• _TASK TO CARRY OUT_
In the entries that follow, find the line containing "ティッシュペーパーを壁において息を吹きかけ5秒間、10秒間落ちないように・・・" and the line containing "General Aniline & Film Corporation.", then copy exactly everything from the first through the second except the pictures.

*** MATERIAL FOR THIS TASK ***

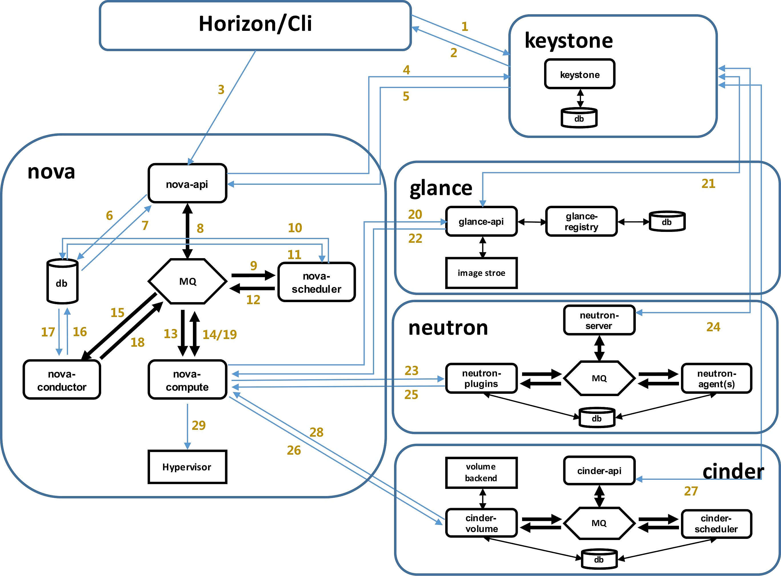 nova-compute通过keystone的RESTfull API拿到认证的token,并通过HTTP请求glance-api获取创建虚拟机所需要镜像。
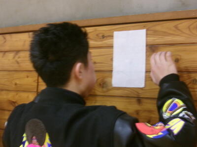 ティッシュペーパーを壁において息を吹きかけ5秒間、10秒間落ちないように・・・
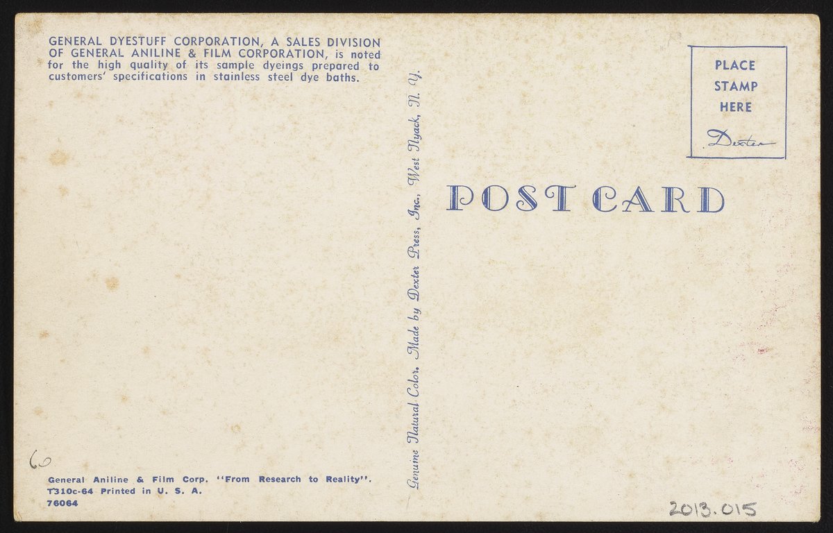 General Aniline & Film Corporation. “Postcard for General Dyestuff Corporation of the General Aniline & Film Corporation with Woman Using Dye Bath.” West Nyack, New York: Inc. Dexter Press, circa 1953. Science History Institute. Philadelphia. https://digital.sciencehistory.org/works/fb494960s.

*** End of MATERIAL FOR THIS TASK ***
*** MATERIAL FOR THIS TASK ***

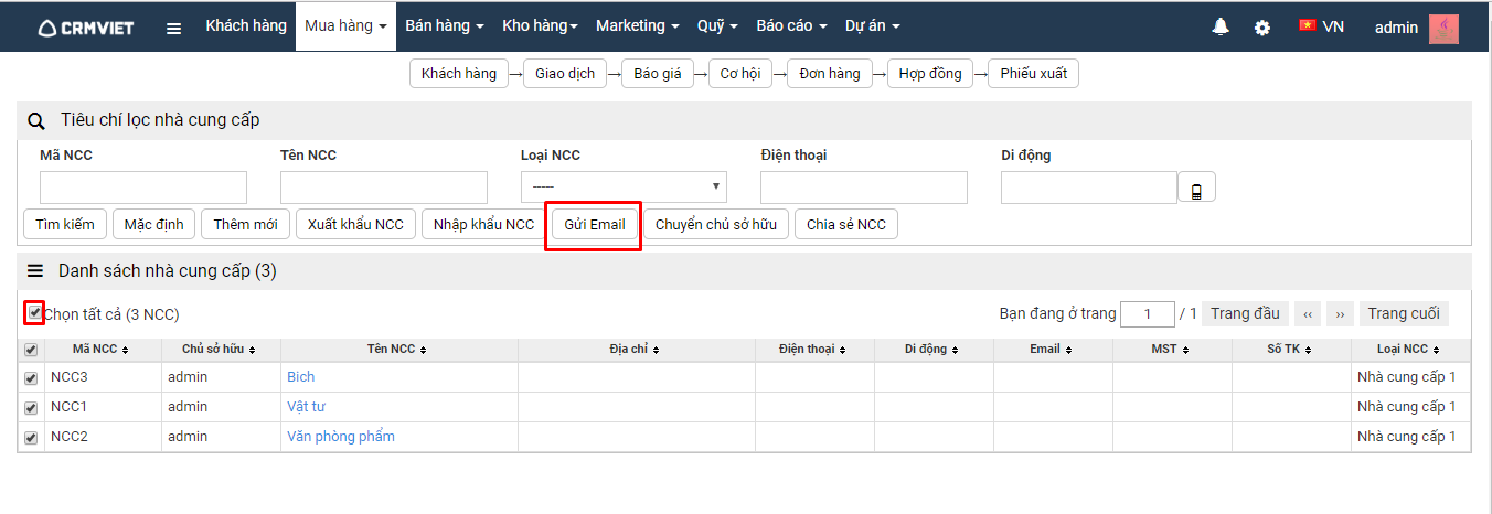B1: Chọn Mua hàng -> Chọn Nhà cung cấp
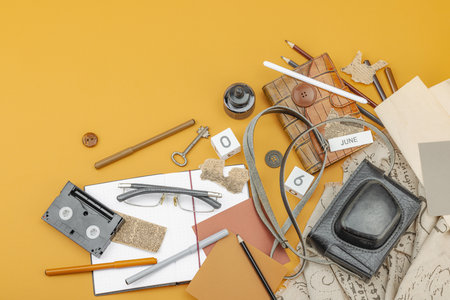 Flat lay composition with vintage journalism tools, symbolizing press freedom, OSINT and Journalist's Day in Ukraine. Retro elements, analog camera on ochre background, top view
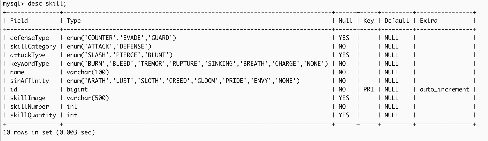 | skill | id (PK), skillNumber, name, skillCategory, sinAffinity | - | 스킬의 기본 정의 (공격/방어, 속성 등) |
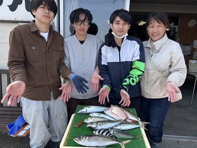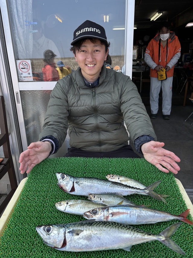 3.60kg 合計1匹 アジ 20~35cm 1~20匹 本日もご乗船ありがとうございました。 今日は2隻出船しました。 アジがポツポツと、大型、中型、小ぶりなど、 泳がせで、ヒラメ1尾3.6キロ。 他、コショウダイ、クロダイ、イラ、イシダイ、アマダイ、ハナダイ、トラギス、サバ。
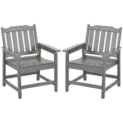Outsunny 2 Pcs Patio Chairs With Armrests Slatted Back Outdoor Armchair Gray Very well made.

*** End of MATERIAL FOR THIS TASK ***
*** MATERIAL FOR THIS TASK ***

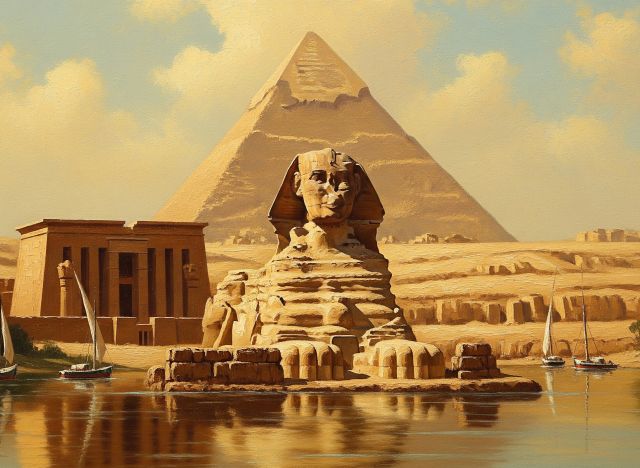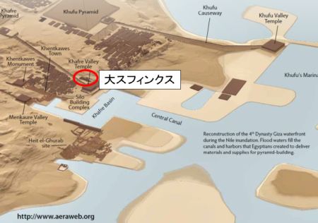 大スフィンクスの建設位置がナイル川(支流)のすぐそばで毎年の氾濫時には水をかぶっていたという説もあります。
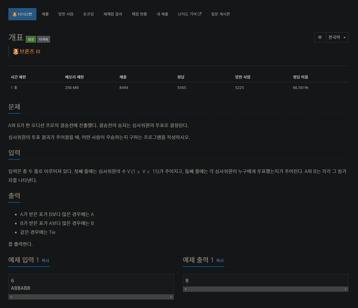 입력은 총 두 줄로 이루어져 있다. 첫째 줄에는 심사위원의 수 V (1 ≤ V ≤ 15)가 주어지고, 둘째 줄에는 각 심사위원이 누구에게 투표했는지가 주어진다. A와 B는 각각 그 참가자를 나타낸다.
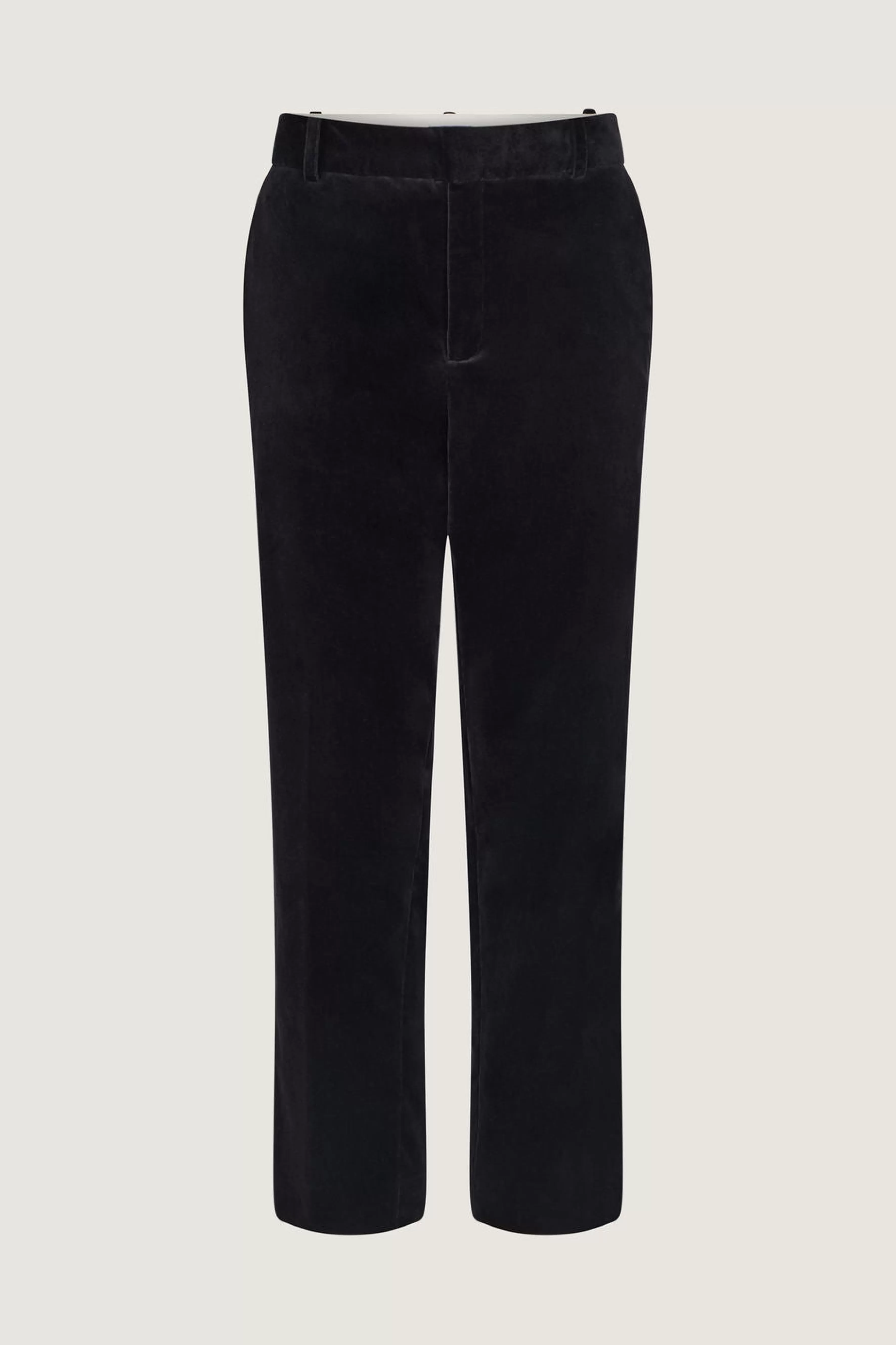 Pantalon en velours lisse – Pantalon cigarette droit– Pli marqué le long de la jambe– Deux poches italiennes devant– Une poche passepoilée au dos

*** End of MATERIAL FOR THIS TASK ***

• _RESULT OF THE TASK_
 ティッシュペーパーを壁において息を吹きかけ5秒間、10秒間落ちないように・・・
 General Aniline & Film Corporation. “Postcard for General Dyestuff Corporation of the General Aniline & Film Corporation with Woman Using Dye Bath.” West Nyack, New York: Inc. Dexter Press, circa 1953. Science History Institute. Philadelphia. https://digital.sciencehistory.org/works/fb494960s.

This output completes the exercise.